**Assignment:** In the data below, repeat the line containing "La portée libre" and every following line exactly, up to and including the last line. Exclude pictures.

**Data extract:**

+ + + +

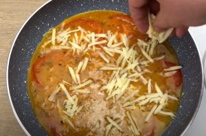 • Այնուհետև ավելացնել քերած պանիրը, և թավայի բերանը կափարիչով փակել:
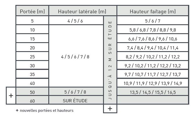 La portée libre du bâtiment démontable Neivalu, modulable par travées de 5 mètres, est comprise entre 10 et 60 mètres. La hauteur à la rive est comprise entre 3 mètres au minimum et 12 mètres au maximum.
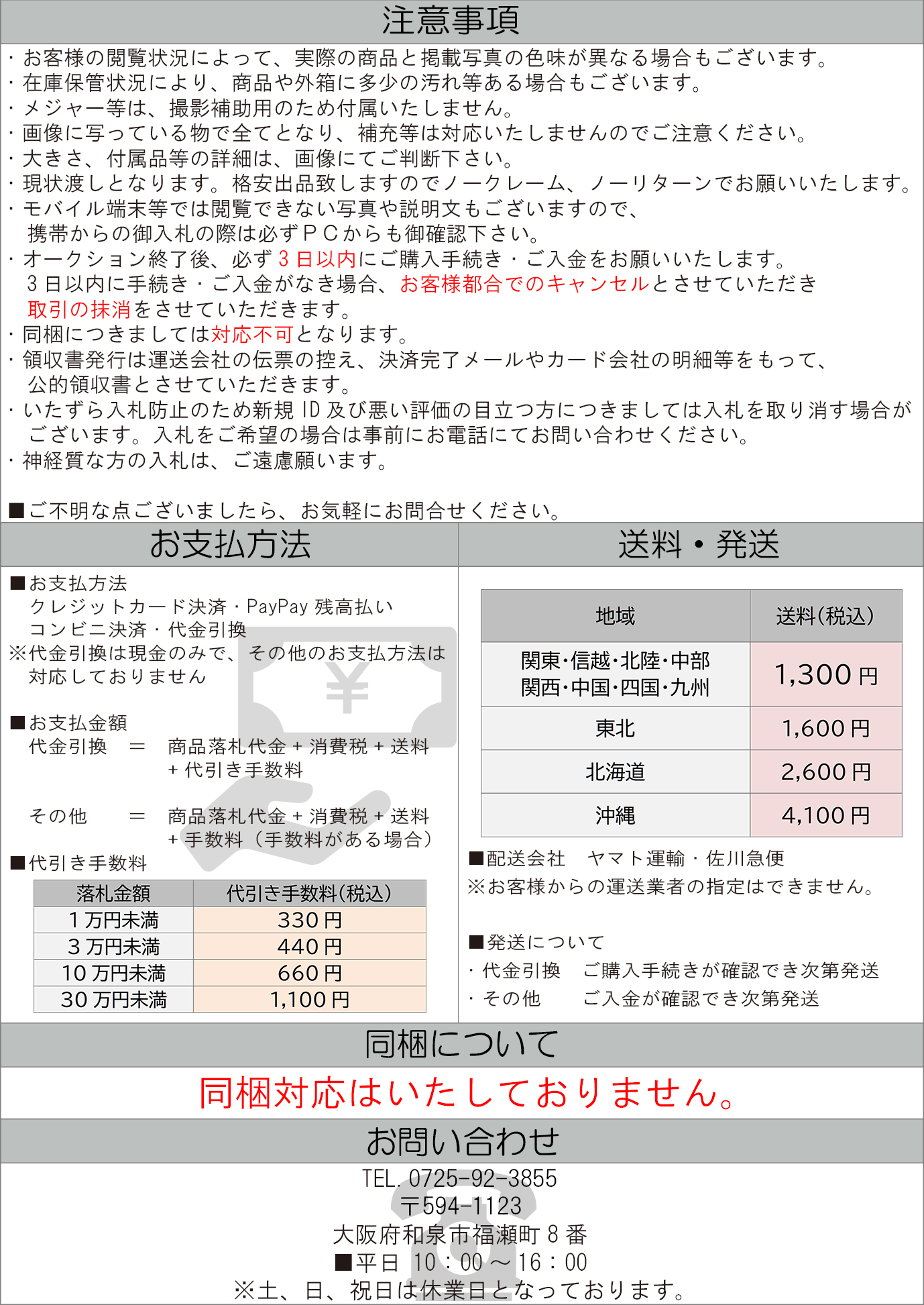 Ⅵ.弃标也必须全额支付该拍品(成交价+消费税+银行转账费+日本邮费+代购费)。

+ + + +

**Result of the exercise:**
 La portée libre du bâtiment démontable Neivalu, modulable par travées de 5 mètres, est comprise entre 10 et 60 mètres. La hauteur à la rive est comprise entre 3 mètres au minimum et 12 mètres au maximum.
 Ⅵ.弃标也必须全额支付该拍品(成交价+消费税+银行转账费+日本邮费+代购费)。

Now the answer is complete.